AVAILABLE DATA:
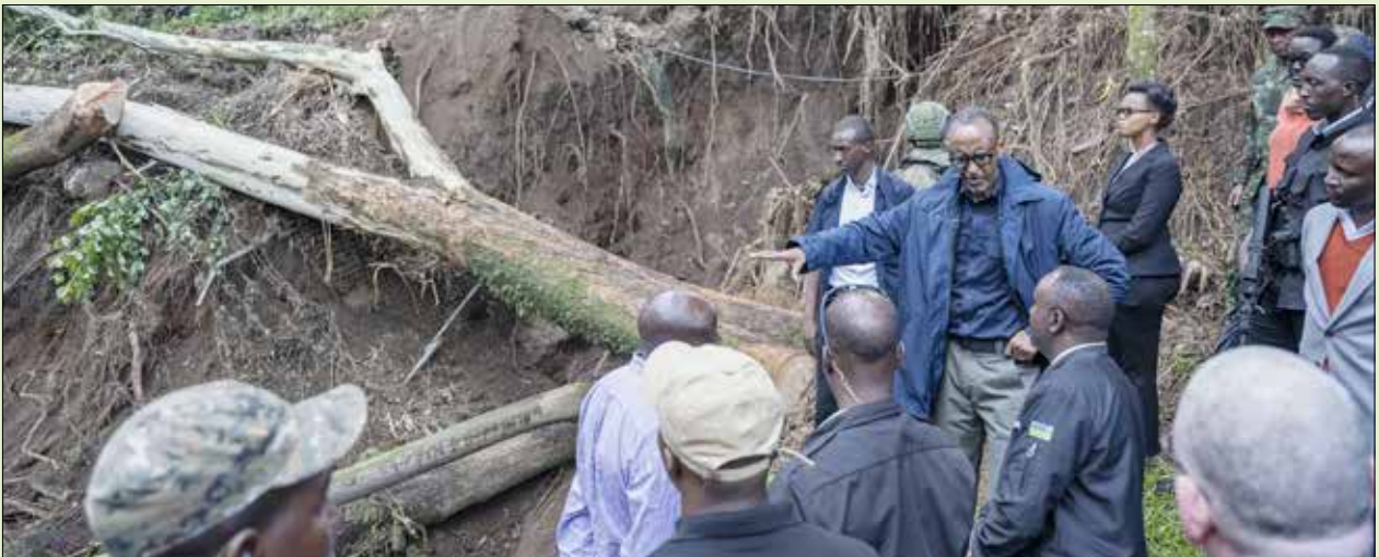
Visit to Rubavu District and Interaction with Residents affected by recent floods and landslides | Rugerero Sector, 12 May 2023
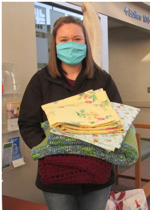
Ice Pak Covers & Blankets donated by Sydney W.
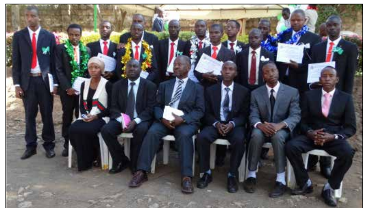
Instructors, staff, and students at the BAMI graduation, October 22, 2017.

Everyone who loves God and the heavenly kingdom will find some way to carry out His mission—by personal effort, by preaching, by contributing to the training and support of missionaries, by prayer, and by holding up the hands of those who bear heavy responsibilities in the name of God. May He bless every sincere effort!
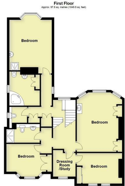
First Floor Approx. 97.5 sq. metres (1049.5 sq. feet)
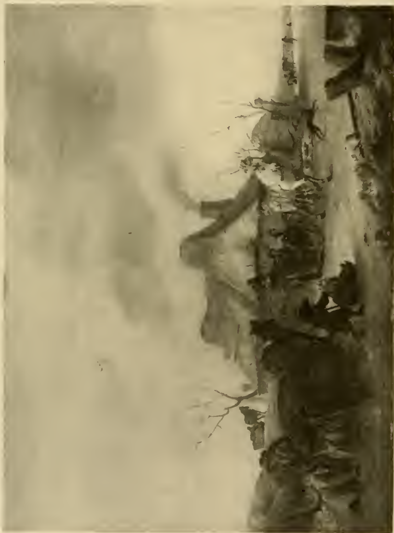
FROZEN CANAL BY PHILIPS WOUWERMAN

REQUIRED WORK: Please extract exactly the lines of the data, from the first through the line containing "Instructors, staff, and", and add no pictures to the copy.

EXERCISE RESPONSE:
Visit to Rubavu District and Interaction with Residents affected by recent floods and landslides | Rugerero Sector, 12 May 2023
Ice Pak Covers & Blankets donated by Sydney W.
Instructors, staff, and students at the BAMI graduation, October 22, 2017.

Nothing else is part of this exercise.